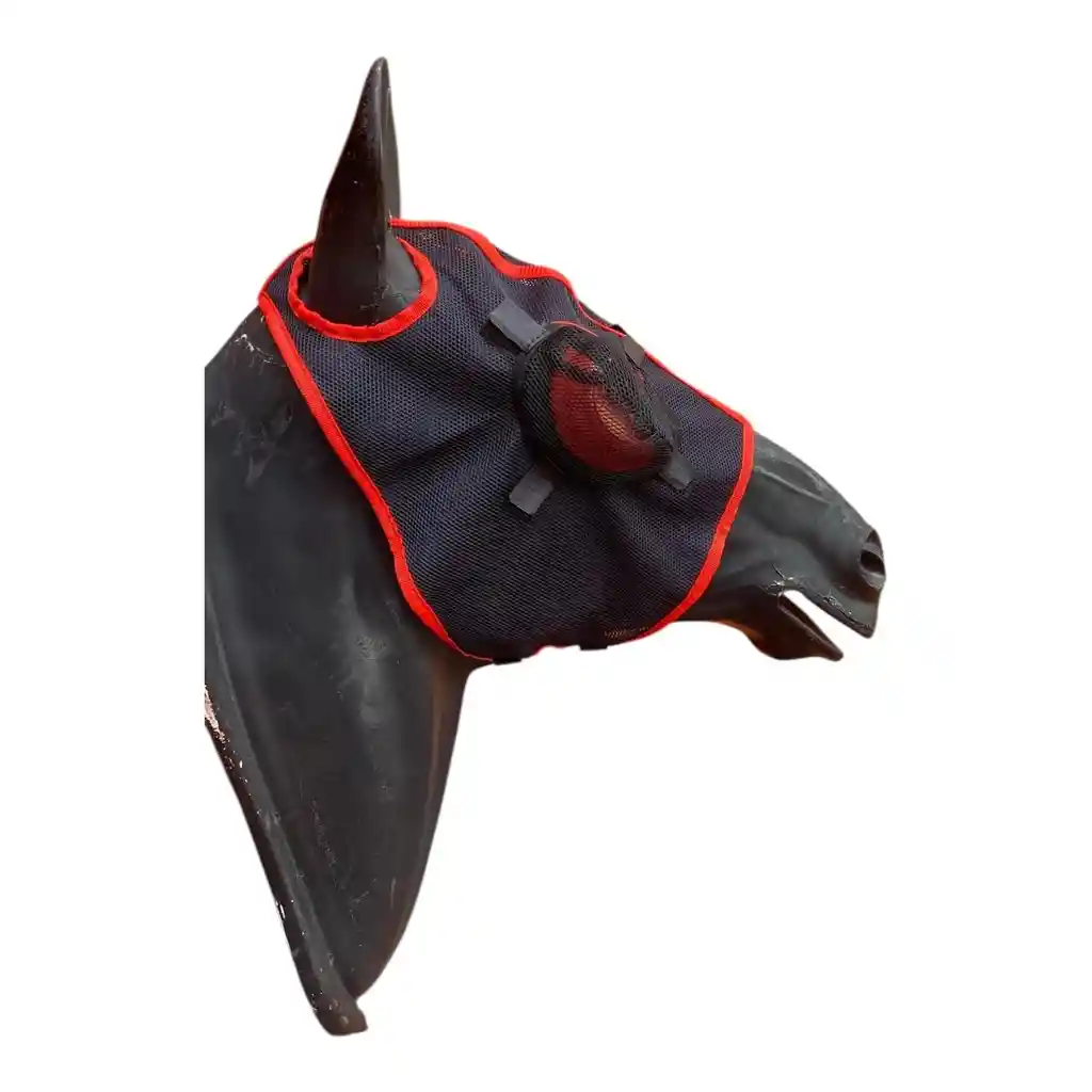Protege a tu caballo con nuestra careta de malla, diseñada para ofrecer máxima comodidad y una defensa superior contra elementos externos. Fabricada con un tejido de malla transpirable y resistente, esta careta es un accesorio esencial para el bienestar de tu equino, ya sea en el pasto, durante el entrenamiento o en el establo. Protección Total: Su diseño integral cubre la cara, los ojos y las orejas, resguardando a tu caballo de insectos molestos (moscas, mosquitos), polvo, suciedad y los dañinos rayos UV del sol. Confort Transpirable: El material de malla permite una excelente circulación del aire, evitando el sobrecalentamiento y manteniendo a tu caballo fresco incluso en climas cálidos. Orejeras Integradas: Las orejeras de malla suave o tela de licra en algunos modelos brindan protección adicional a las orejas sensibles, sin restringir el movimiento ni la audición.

--

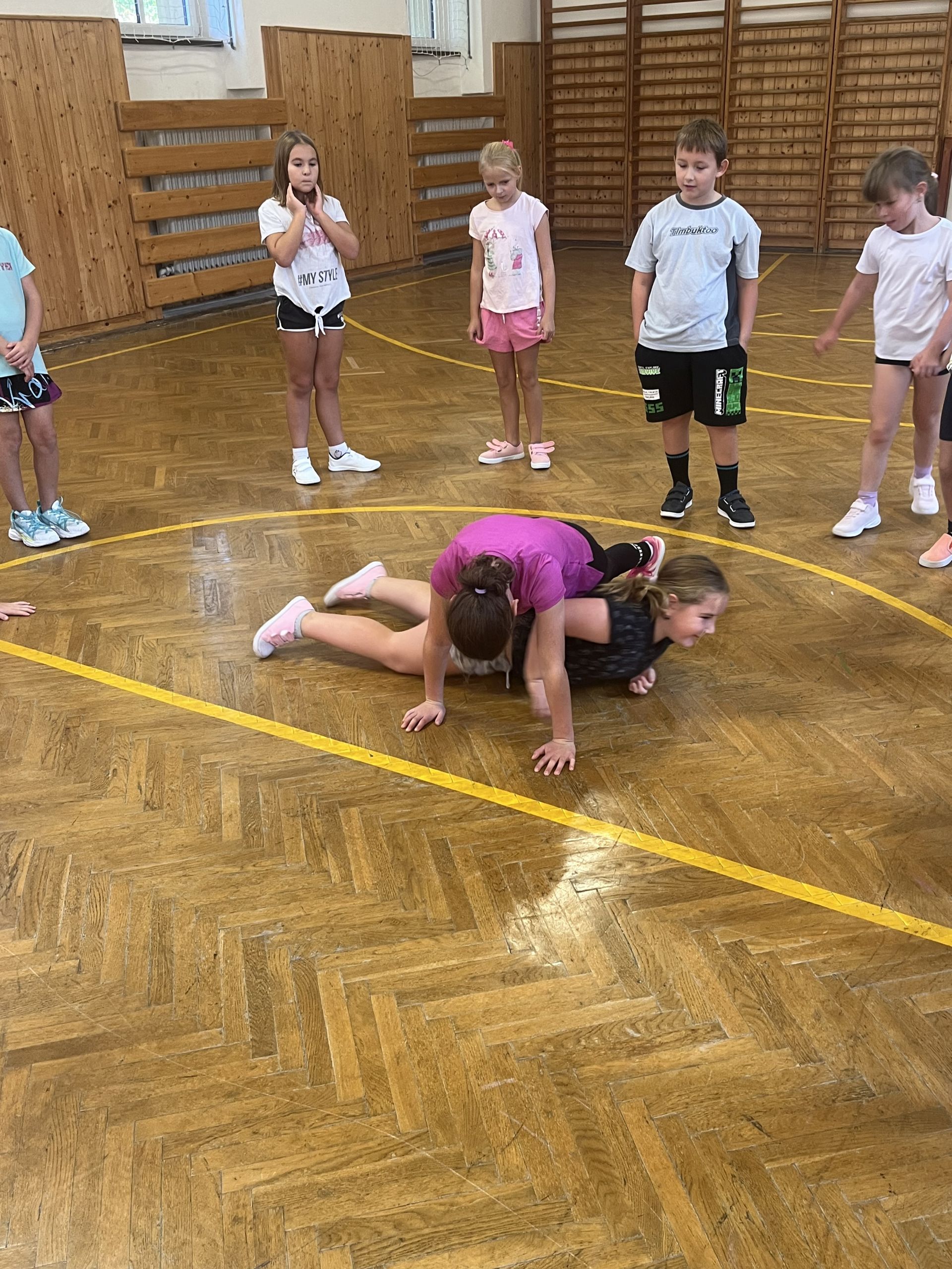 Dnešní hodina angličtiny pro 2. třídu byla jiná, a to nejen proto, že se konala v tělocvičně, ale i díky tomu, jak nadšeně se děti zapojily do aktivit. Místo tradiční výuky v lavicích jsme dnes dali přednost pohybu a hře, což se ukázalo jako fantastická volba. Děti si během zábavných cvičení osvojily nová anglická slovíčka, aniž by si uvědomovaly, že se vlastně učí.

--

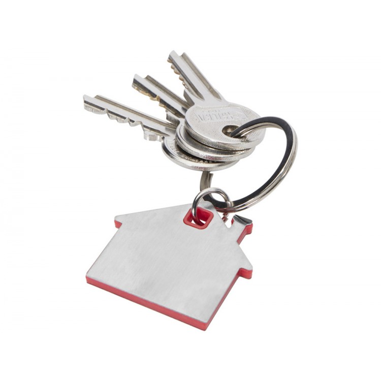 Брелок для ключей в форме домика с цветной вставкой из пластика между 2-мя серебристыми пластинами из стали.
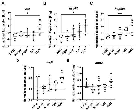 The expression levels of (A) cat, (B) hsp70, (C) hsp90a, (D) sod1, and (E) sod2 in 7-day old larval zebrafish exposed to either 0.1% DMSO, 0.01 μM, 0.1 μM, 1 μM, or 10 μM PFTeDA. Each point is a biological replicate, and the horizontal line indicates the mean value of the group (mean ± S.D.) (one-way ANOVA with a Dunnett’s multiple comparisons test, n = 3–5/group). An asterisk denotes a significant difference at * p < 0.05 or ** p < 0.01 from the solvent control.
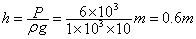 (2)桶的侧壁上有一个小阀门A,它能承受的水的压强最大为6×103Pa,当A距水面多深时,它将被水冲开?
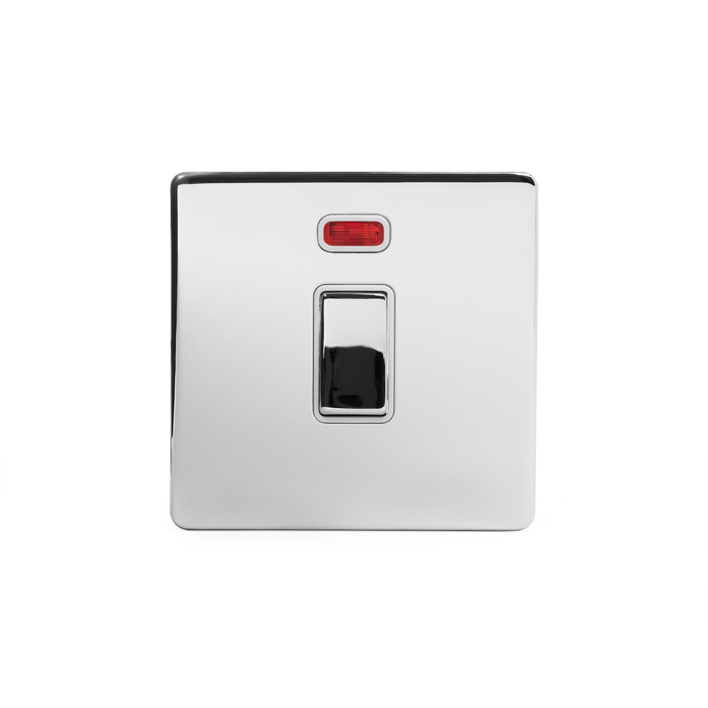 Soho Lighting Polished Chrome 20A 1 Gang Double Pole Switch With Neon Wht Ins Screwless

--

Problem details. Take the material above and output only the lines from the one that contains "The expression levels" through the one that contains "Soho Lighting Polished", ends included and images left out.

Answer to this problem.
 The expression levels of (A) cat, (B) hsp70, (C) hsp90a, (D) sod1, and (E) sod2 in 7-day old larval zebrafish exposed to either 0.1% DMSO, 0.01 μM, 0.1 μM, 1 μM, or 10 μM PFTeDA. Each point is a biological replicate, and the horizontal line indicates the mean value of the group (mean ± S.D.) (one-way ANOVA with a Dunnett’s multiple comparisons test, n = 3–5/group). An asterisk denotes a significant difference at * p < 0.05 or ** p < 0.01 from the solvent control.
 (2)桶的侧壁上有一个小阀门A,它能承受的水的压强最大为6×103Pa,当A距水面多深时,它将被水冲开?
 Soho Lighting Polished Chrome 20A 1 Gang Double Pole Switch With Neon Wht Ins Screwless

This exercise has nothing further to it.